In a Friday interview on Arise News’ Prime Time, Amaechi, who is now a presidential aspirant under the African Democratic Congress, addressed longstanding claims by Tinubu.

During his pre-2023 campaigning, Tinubu said Buhari would not have become president without him and that it was his turn to become one too.

But Amaechi explained that as a serving minister under Buhari, he could not publicly challenge Tinubu’s assertions to avoid risking his position.

“When we decided to form the APC, while I was a minister, (Tinubu) was claiming he made Buhari president and I couldn’t respond because I was a minister under President Buhari. That would have been suicidal because Buhari could fire you,” Amaechi said.
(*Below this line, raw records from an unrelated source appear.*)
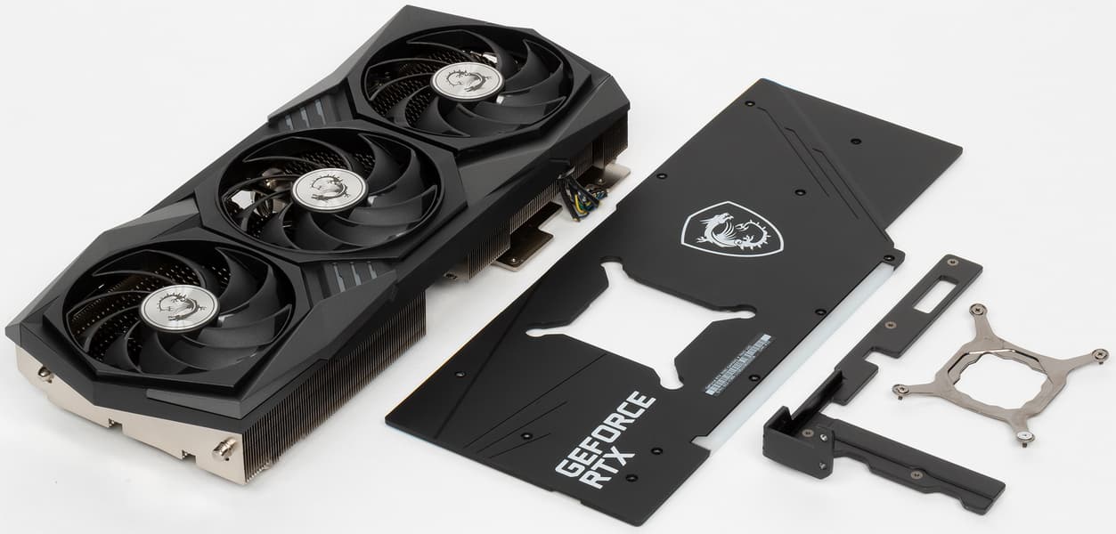 Видеокарта MSI имеет немного повышенные частоты работы GPU, это обеспечивает небольшой прирост производительности. Важнее — стабильность работы, а для этого у карты есть хорошая система питания (включая три коннектора питания, что позволяет несколько снизить нагрузку на каждый) и надежное охлаждение. А в комплекте поставки идет кронштейн-опора для монтажа в системный блок.
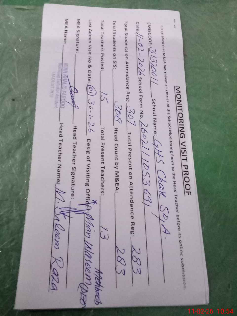 | Monitoring Date: 11-02-2026 | Start Time: 11-02-2026 09:58 AM | End Time: 11-02-2026 10:55 AM | Name of MEA: Kh**** Fa**** | |
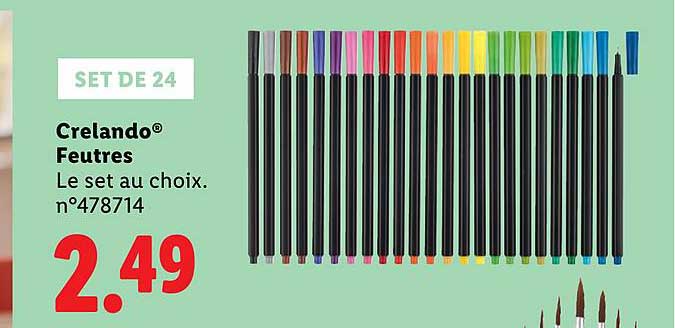 Découvrez dès maintenant la offre Set de 24 Feutres Crelando® dans le catalogue de Lidl. Cette offre est valable du 25/09/2025 au 29/09/2025.
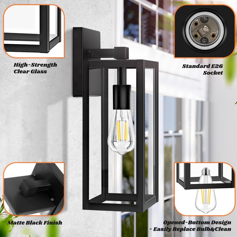 - E26 Socket & Recommended Bulbs: These outdoor lights for house are built in standard E26 socket(100W Max), which are compatible with various bulbs, such as LED, Incandescent or CFL bulbs. You also can use dimmable bulbs and compatible dimmer for these wall lanterns to meet your specific needs(Note: Bulbs and dimmer are NOT included)
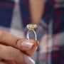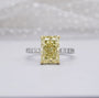 Bold and beautiful, this 4.40tcw Radiant Fancy Yellow Lab Diamond Ring features a dazzling hidden halo and pavé band. Set in white gold, it combines luxury with sustainable craftsmanship. A stunning choice for modern elegance and timeless charm. IGI Certified.
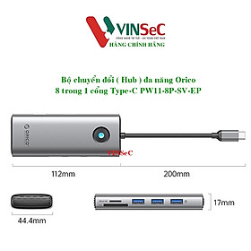 ✨Bộ chuyển đổi ( Hub ) đa năng 8 trong 1 cổng Type-C Orico PW11-8P-SV-EP - Hàng Chính Hãng
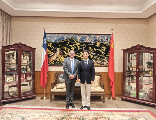 2026年4月2日,驻智利大使牛清报会见智利邮政总经理利伯曼。双方就加强中智电商邮政合作交换意见。
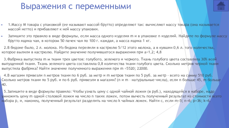 Запишите это правило в виде формулы, если масса одного изделия m и в упаковке n изделий. Найдите по формуле массу брутто ящика чая, в котором 50 пачек чая по 100 г. каждая, а масса ящика 1 кг.
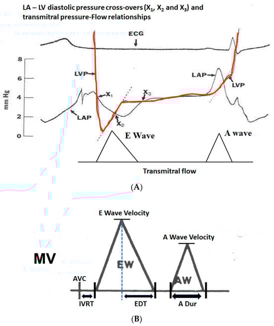 (A) Transmitral pressure–flow (P–F) relationships are poorly understood and the simplified Bernoulli equation does not apply in this situation as the pressure gradient is mainly used to accelerate the flow and the negative pressure gradient to decelerate the flow. When the LV pressure (red) drops below the LA pressure (black) at pressure cross-over X1, the transmitral flow starts and the gradient basically accelerates the transmitral flow. As the LV fills and the pressure in the LV equals that in the LA, X2 occurs when the pressure gradient is zero, but the E wave velocity is at the peak despite a zero pressure gradient. Between X2 and X3, the LV pressure is higher than that of LA and this negative gradient retards the mitral flow, resulting in its deceleration. It can be inferred from this P–F relationship that if the LV relaxation is slower, both the positive and negative gradients would be lower and the pressure cross-overs would be delayed, resulting in the slower acceleration of E wave, lower E wave amplitude and slower E wave deceleration, resulting in longer mitral E wave acceleration and deceleration times as well. On the other hand, higher LA pressure or very efficient LV relaxation as occurs in children would do just the opposite. (B) Schematic showing various measurements from the transmitral flow velocity profile by pulsed wave Doppler at the mitral leaflet tips: LV isovolumic relaxation time (IVRT) between the end of LV ejection or aortic valve closure (AVC) and the start of mitral inflow (typically 70–100 ms), mitral E wave velocity, E wave deceleration time (EDT, normally 160–250 ms), mitral A wave velocity and A wave duration (A dur, normally about 100 ms). The normal E/A velocity ratio in adults is typically between 1 and 1.5. In children, it can be >10, resulting physiological S3, and in elderly < 1, resulting in physiological S4. MV = Mitral valve flow.
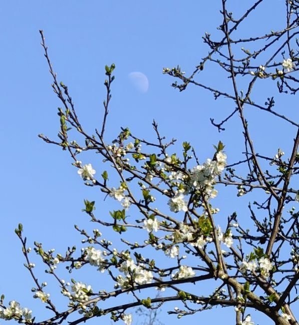Zit ik op de tuin ineens in een haiku 春もやや 気色ととのふ 月と梅 haru moya ya keshiki totonou tsuki to ume Barely Spring, a colorful complexion of the moon and a plum blossom (matsuo bashō)
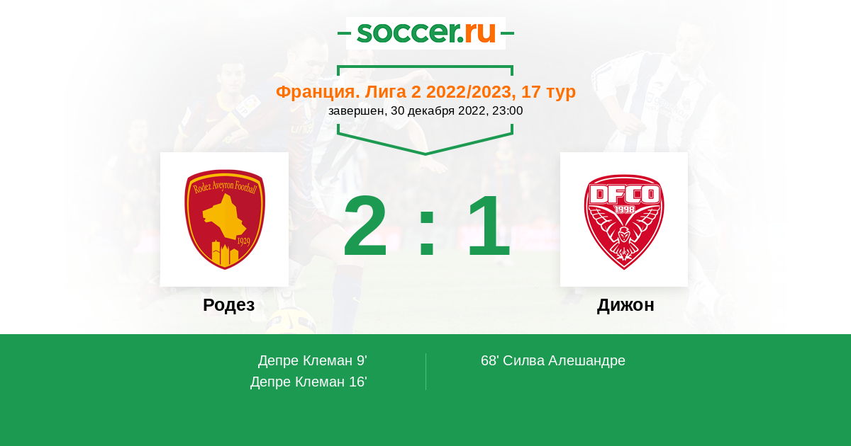16' (2:0) Депре Клеман (25) (Буасье Реми (6))
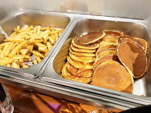 ドリンクバー、スープ、サラダ、フルーツ、パンケーキ、ポテトフライ、食パンとシンプルなラインアップですが、モーニングメニューとしてはちょうどいい品数。量が少なくなると、まめに補充してくれるのであわてずにピックアップすることができます。
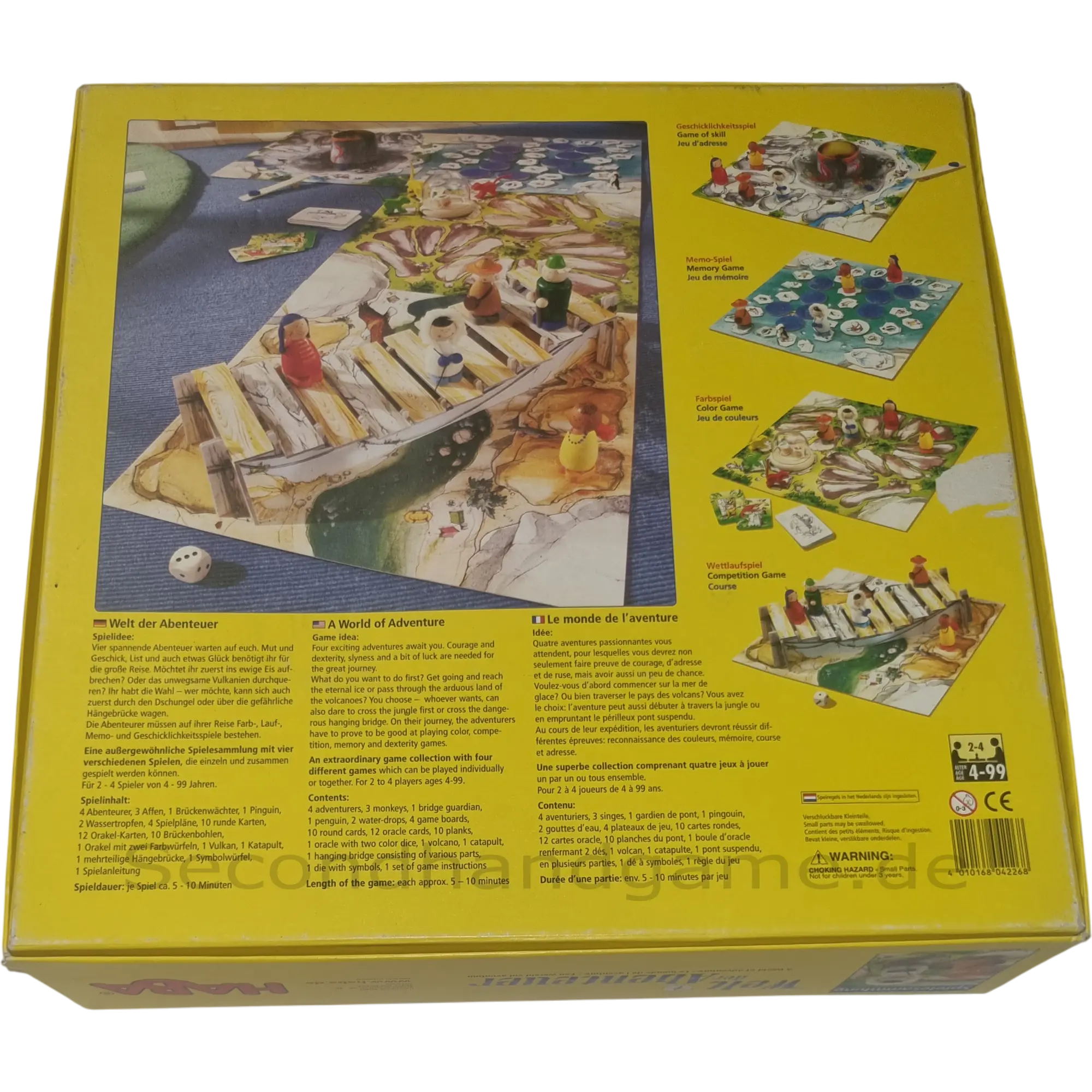 Die Haba Welt der Abenteuer (4226) ist eine abwechslungsreiche Spielesammlung für 2 bis 4 Spieler ab 4 Jahren. Sie beinhaltet vier spannende Spiele rund um das Thema Abenteuer: eine Dschungelreise, eine Antarktisexpedition, die Überquerung gefährlicher Schluchten und einen Besuch bei brodelnden Vulkanen. Die farbenfrohen Spielpläne und liebevoll gestalteten Holzfiguren laden zu aufregenden Expeditionen ein. Wer erreicht als Erster das sichere Lager? Die Spielesammlung fördert das Erkennen und Benennen von Farben, das Gedächtnis, die Feinmotorik und das Reaktionsvermögen.

He continued, “So I couldn’t have said, ‘You are wrong.’ He didn’t make President Buhari president. Not only was I the DG of the campaign, but everybody will bear witness that I did all the battle.

“I led the Governors’ Forum, criss-crossed the country fighting here and there trying to get Nigerians to know that this is the time for change.”

Amaechi served as Director-General of Buhari’s 2015 and 2019 presidential campaigns.

He was a key figure in the 2013–2014 defection of PDP governors that helped form the APC alliance, which ultimately defeated President Goodluck Jonathan.

However, Tinubu was also instrumental in Buhari’s emergence, leading the merger of major opposition parties, including his Action Congress of Nigeria, to form the All Progressives Congress, which challenged and defeated the then-ruling PDP.

The remarks come amid Amaechi’s positioning for the 2027 presidential race as part of the growing opposition coalition under the ADC.

He has been vocal in recent months criticising the Tinubu administration over economic hardship.